Most production software is not a greenfield microservices architecture. It is a monolith — often years old, written in Java, Python, or C#, handling critical business logic that nobody wants to rewrite. Adding AI capabilities to these systems requires a pragmatic approach that works with the existing codebase rather than against it.
The Sidecar Pattern for AI Integration
The cleanest way to add LLM capabilities to a monolith is through a sidecar service. Instead of embedding AI libraries directly into your application, you deploy a lightweight API service alongside it that handles all communication with the language model. Your monolith makes HTTP calls to the sidecar, which manages prompt construction, API keys, rate limiting, and response parsing.
This separation keeps your monolith's dependency tree clean. AI libraries and their dependencies evolve rapidly — new model versions, updated SDKs, changing API contracts. By isolating this in a separate service, you can update the AI integration independently without deploying your entire monolith. The sidecar can be written in a language that has better AI ecosystem support, like Python, even if your monolith is in Java.
Handling Latency with Async Processing
LLM inference is slow compared to typical database queries. A simple text generation request can take 2-10 seconds depending on the model and output length. If your monolith handles this synchronously, it will tie up request threads and degrade performance for all users.
The solution is asynchronous processing. When a user triggers an AI feature, the monolith publishes a message to a queue (RabbitMQ, SQS, or Redis Streams), returns immediately with a job ID, and the AI sidecar processes the request in the background. The frontend polls for completion or uses WebSockets to receive the result when it is ready.
This pattern also provides natural backpressure. If the AI service is overwhelmed, messages queue up rather than causing timeouts in the monolith. You can scale the number of AI workers independently based on queue depth, and failed requests can be retried automatically without involving the main application.
Prompt Engineering in Production
In a production monolith, prompts are not ad-hoc strings — they are part of your business logic. Treat them like database queries: version them, test them, and review them in code review. Store prompt templates separately from application code so they can be updated without a full deployment cycle.
Context injection is where most of the engineering work happens. Before sending a prompt to the model, you need to gather relevant data from your monolith's database — customer information, transaction history, product details. This context gets inserted into the prompt template along with the user's input. The quality of the AI response depends directly on the quality and relevance of this context.
Always validate and sanitize model outputs before using them in business logic. LLMs can generate malformed JSON, hallucinate data, or produce responses outside expected boundaries. Build parsing logic that handles these cases gracefully, with fallback paths that do not break the user experience when the AI produces unexpected output.
Cost Control and Monitoring
API-based LLM usage is billed per token, and costs can escalate quickly if not monitored. Implement token counting before sending requests so you can estimate costs in advance. Set per-user and per-tenant rate limits to prevent runaway usage. Cache common queries and their responses to avoid paying for the same inference twice.

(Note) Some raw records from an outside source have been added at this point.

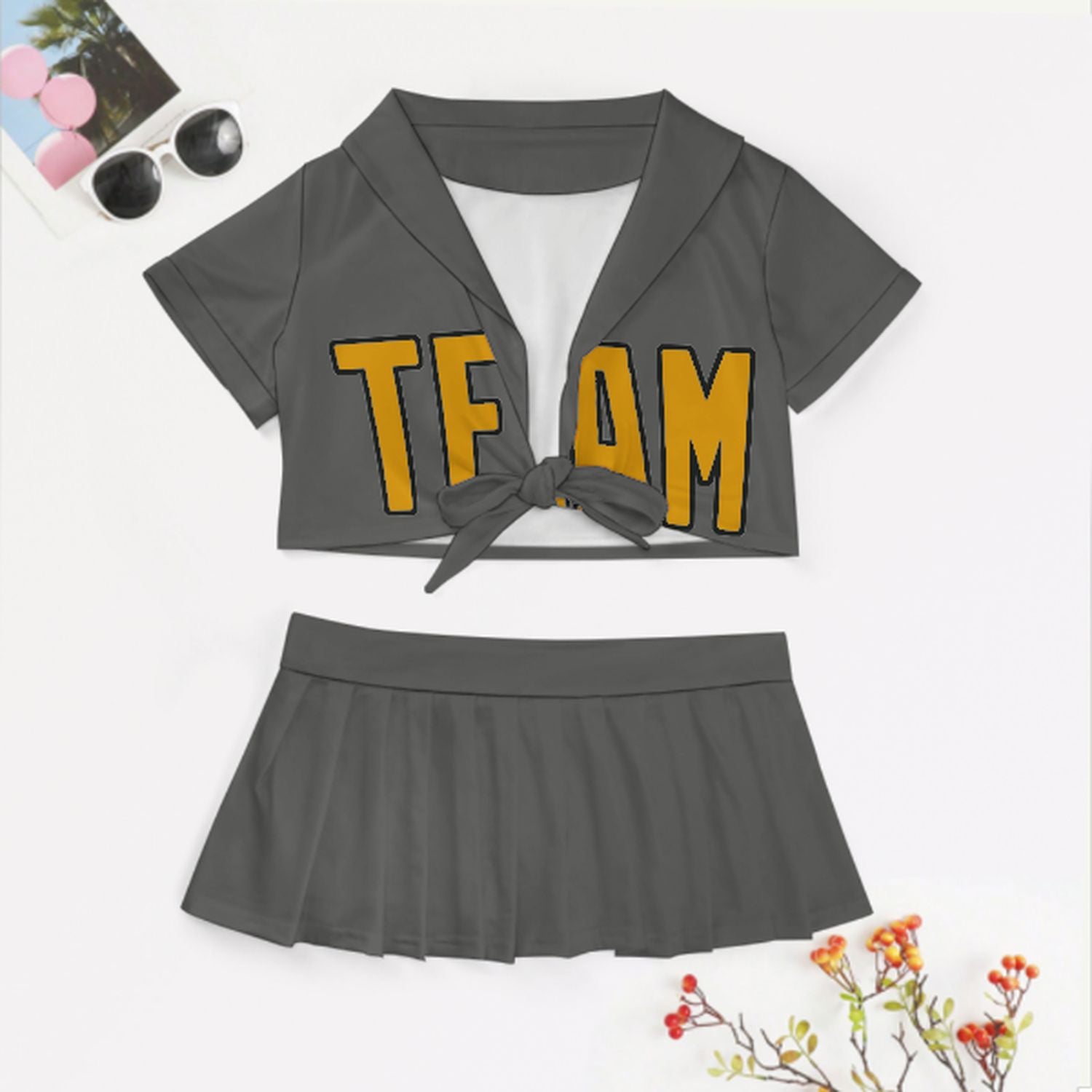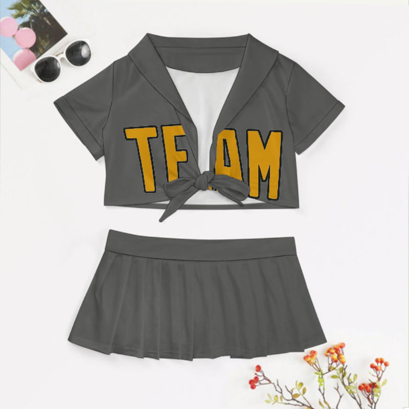 Maßgeschneidertes Dunkelgrau Gelb Cheerleader Outfit Set
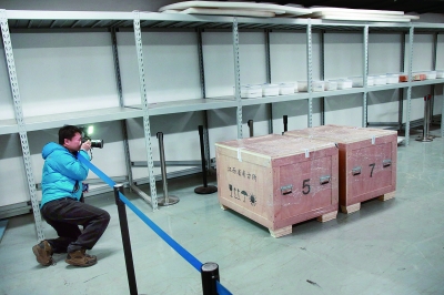 记者经过安检,并逐一签写进入时间方可进入库房。前往库房前的一段路,记者被要求不能拍照,以保证文物库房的“神秘性”。
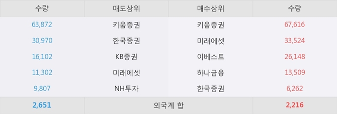 거래원 동향은 미래에셋, 하나금융 등이 매수 상위 목록에 나타나고 있다.
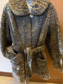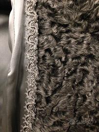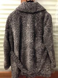 Stupenda giacca di pelliccia Astrakan/Breitschwanz colore grigio perla con cinta, collo ampio con bel bottone, chiusura anche con ganci non visibile perché nascosti dalla pelliccia, 2 tasche capienti a taglio orizzontale ed una tasca interna nella fodera.
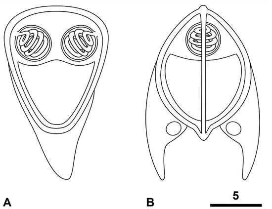 - Liu, Y.; Lövy, A.; Gu, Z.; Fiala, I. Phylogeny of Myxobolidae (Myxozoa) and the evolution of myxospore appendages in the Myxobolus clade. Int. J. Parasitol. 2019, 49, 523–530. [Google Scholar] [CrossRef]
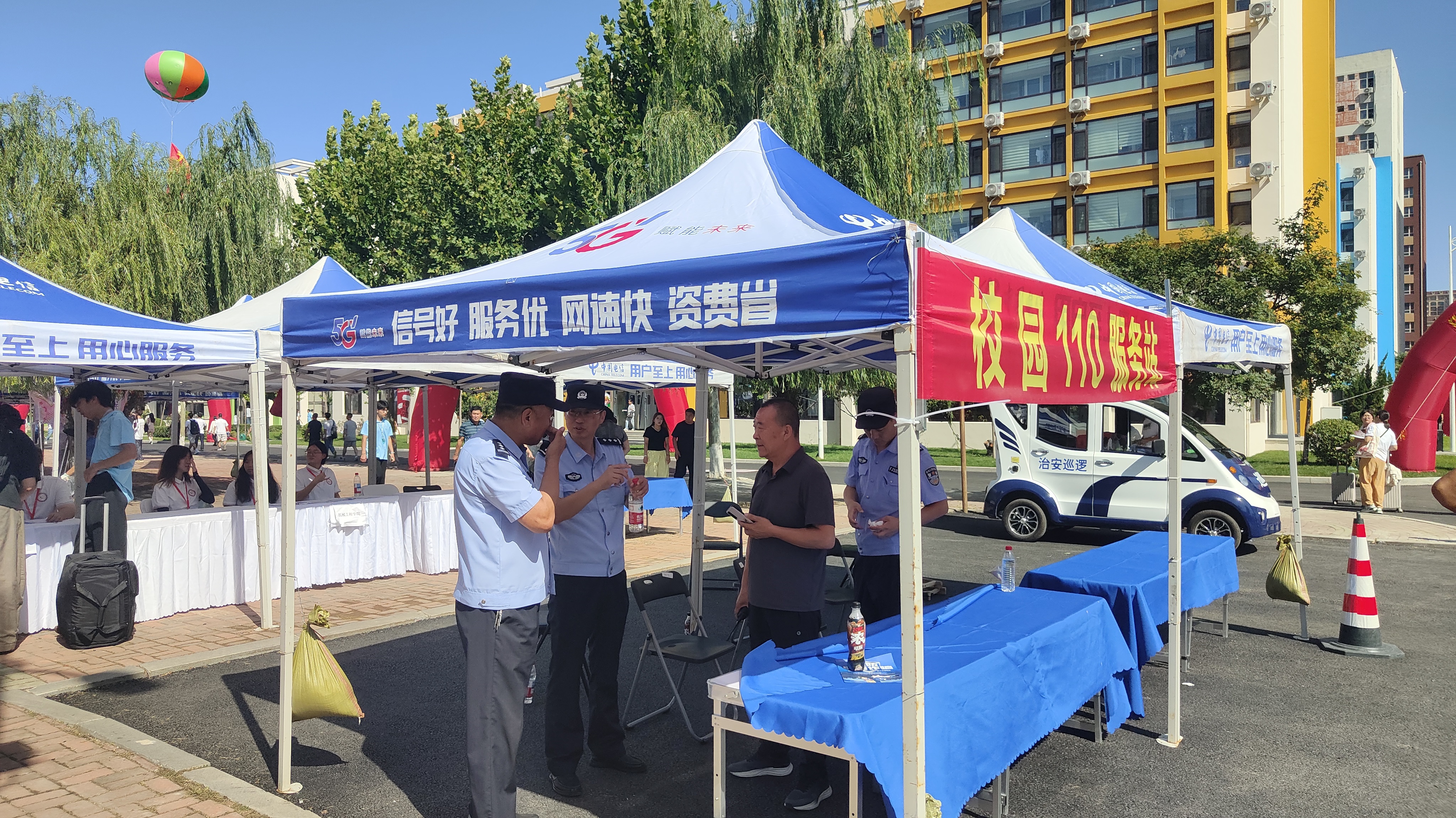 1.公安部门强力护航。校东门、北门设置联合执勤岗,公安干警全天守候,随时处置突发情况。旅顺公安分局内保大队到校关注迎新情况,派出所民警通过派发宣传单和扫码注册“滨城防诈”小程序,帮助新生揭露“校园贷”“兼职陷阱”等骗局,筑牢安全防线。现场发放宣传手册300余份。
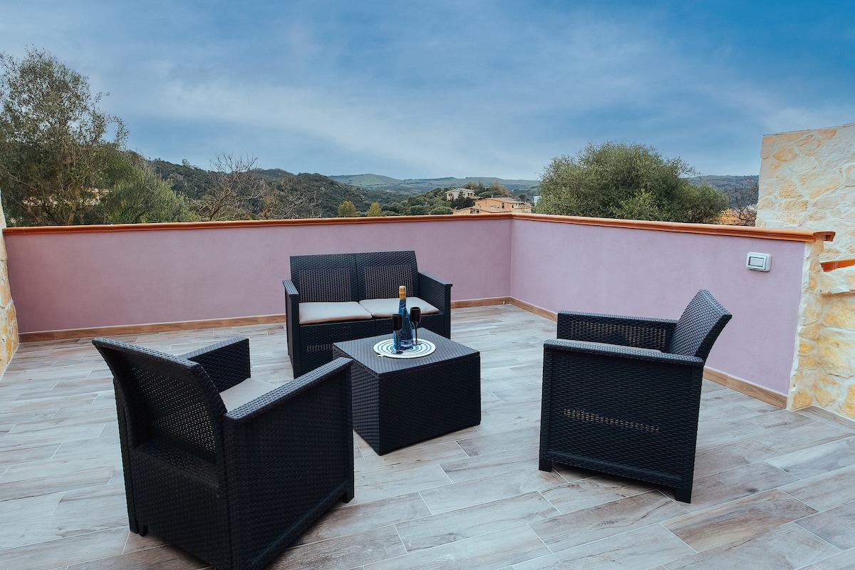Panoramicissimo appartamento a pochi metri dal mare. Ideale per gli amanti della tranquillità, della natura, macchia mediterranea e per godere appieno della bellezza del mare. Cucina abitabile, due camere matrimoniali, di cui una con bagno privato, 1 camera con due letti, bagno con doccia. Patio coperto attrezzato per consumare i pasti e soggiornare all'aperto. Doccia esterna, barbecue portatile, posto auto all'interno della proprietà.

Log every LLM interaction: the prompt, the response, the latency, and the token count. This data is essential for debugging quality issues, optimizing prompts, and projecting costs. It also provides the training data you might need later if you decide to fine-tune a smaller, cheaper model to replace API calls for common use cases.
Adding AI to a monolith does not require a rewrite. With the right patterns — sidecar services, async processing, structured prompt management, and cost controls — you can deliver powerful AI features while keeping your existing codebase stable and maintainable.